The “mission” is now floundering around trying to figure out a way to make something happen, by continuing to use inadequate means to end the war. That is another feature of the oxymoronic quality of “partial military engagement.” You would think that fighting wars half-assed was something we would stop doing after Vietnam.
General Stuck
@Corner Stone:
Gawd, you are dumb
Brachiator
@Martin:
I’m not sure what the point of this would be. Wouldn’t full-metal isolationism mean something like this: withdrawal from the UN and all other international bodies. Withdrawal from all foreign bases and ports. Withdrawal from the international arms markets.

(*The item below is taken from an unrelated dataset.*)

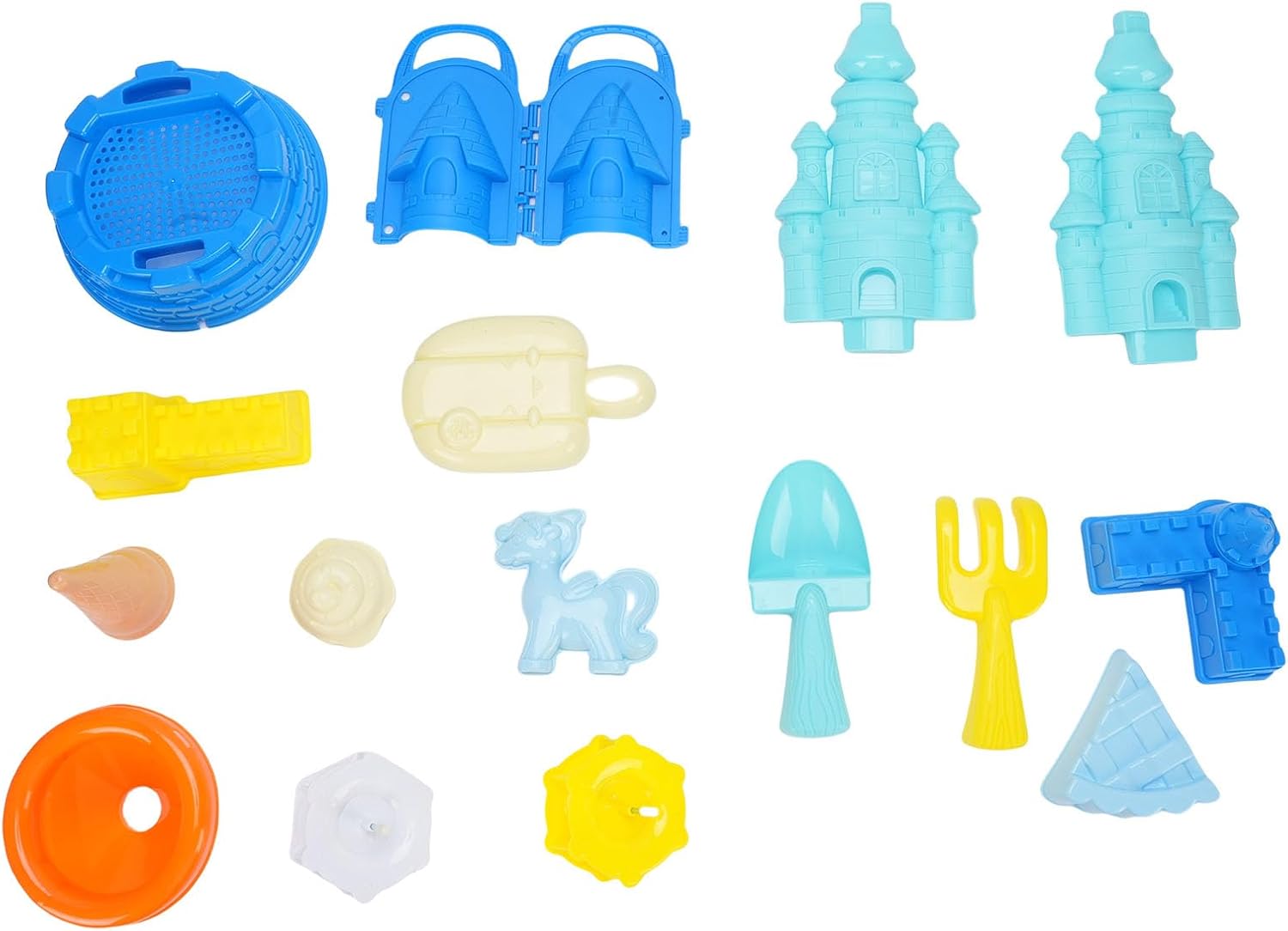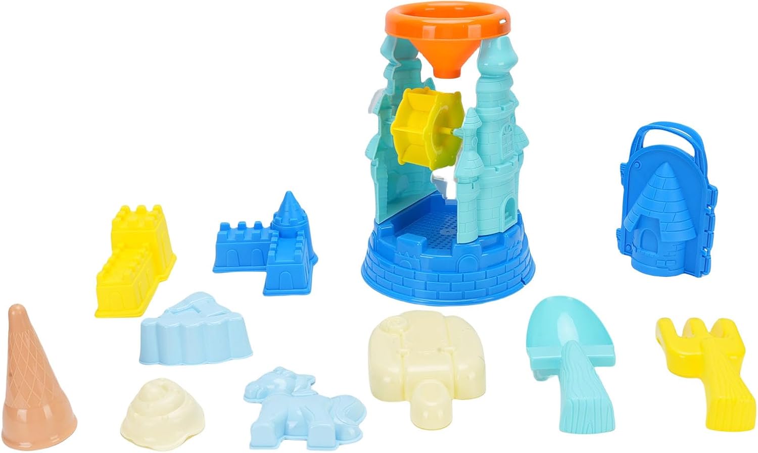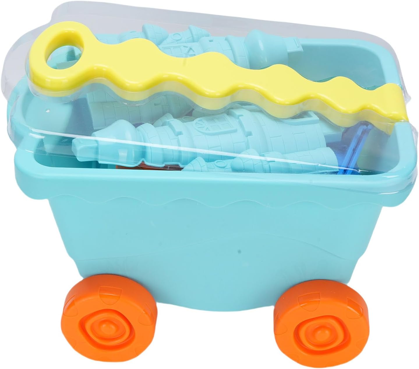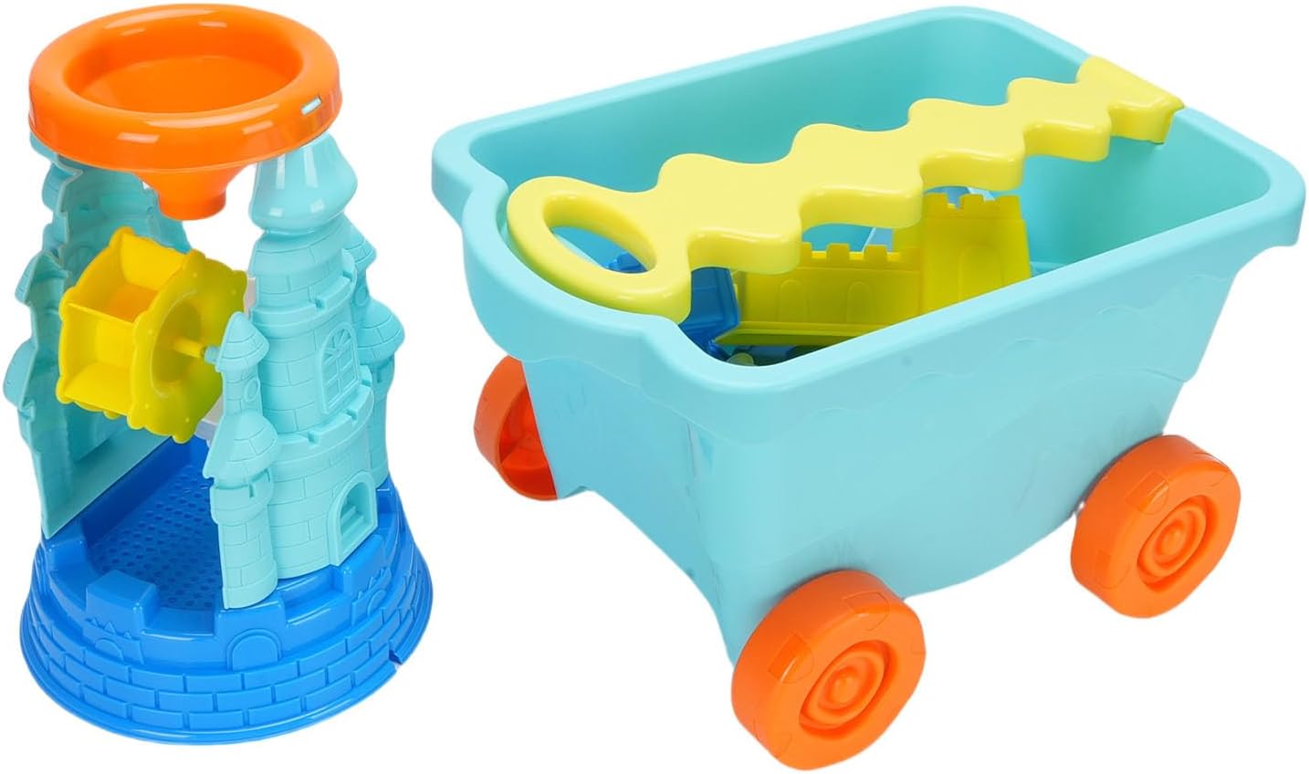 [INCORAGGIA LO SVILUPPO DELLE ABILITÀ MOTORIE] Giocattoli da spiaggia per bambini che promuovono lo sviluppo delle abilità motorie attraverso lo scavo, la costruzione e il gioco fantasioso sulla riva o nella sabbiera. [SET COMPLETO DI GIOCATTOLI CASTELLO DI SABBIA] Il set di giocattoli del castello di sabbia da 15 pezzi include un secchio, pale e accessori per giochi creativi con la sabbia, il tutto comodamente riposto in un carrello da 13,6 pollici. [DESIGN LEGGERO E PORTATILE] Set da gioco portatile per esterni caratterizzato da un design leggero con un comodo carrello per un facile trasporto in spiaggia o in giardino. [VARI STRUMENTI PER LA COSTRUZIONE DI ] Contiene un imbuto, un rastrello, piattaforme girevoli per mulini a e stampi per per creare di sabbia diversi e intricati. [PROMUOVE IL GIOCO INTERATTIVO] Ideale per lo sviluppo sociale poiché i bambini si divertono a costruire di sabbia insieme, favorendo il lavoro di squadra e la creatività nel gioco all'aperto.

The US often tries to make arms sales contingent recognition of US interests. Advisors end up being part of the deal. Do you really see a viable form of isolationism being tied to a “we sell you arms, no questions asked” policy?
Of course, on the other hand, the military industrial complex is mighty hard to maintain if you only produce weapons for domestic use.
General Stuck
@ActuallyGeneral:
Oh please, not with this nonsense again. I am talking about an actual contingent of ground combat troops to escalate to a ground war in Libya. I hope this clears up what I mean. Not CIA or Special Forces doing things to coordinate the air strikes.
Corner Stone
@General Stuck:
No doubt. You’re talking about the 10th Mountain and KBR installing KFCs in Libya before you’ll consider recanting.
General Stuck
@Corner Stone:
Gawd, you are dumb
edit – or more likely just basically dishonest
slightly_peeved
@RP:
This. From the article:
NATO is escalating while the US is de-escalating. Claiming ‘I was right’ without addressing this major hole in your assumptions is goalpost-shifting.
Corner Stone
@General Stuck: Kid, we all know the truth. You will pretzel yourself into all kinds of rhetorical knots when the time comes.
You’re an Obama fluffer. That’s just what it is.
General Stuck
@Corner Stone:
You got homophobic oral fixations son, talk to the doctor about it, nothing we can do from here.
DPirate
lol Norway’s munitions are just filled with Nobel Peace Prize medals. One per combatant – please, no pushing.
Prasad
NATO forces should target Libyan forces not Libyans so finally Libyan forces will defeat they do not target their people.
DPirate
@Prasad: There just aren’t enough Libyan forces to use up our munition stockpiles on. Can’t be helped. Sorry, Libya.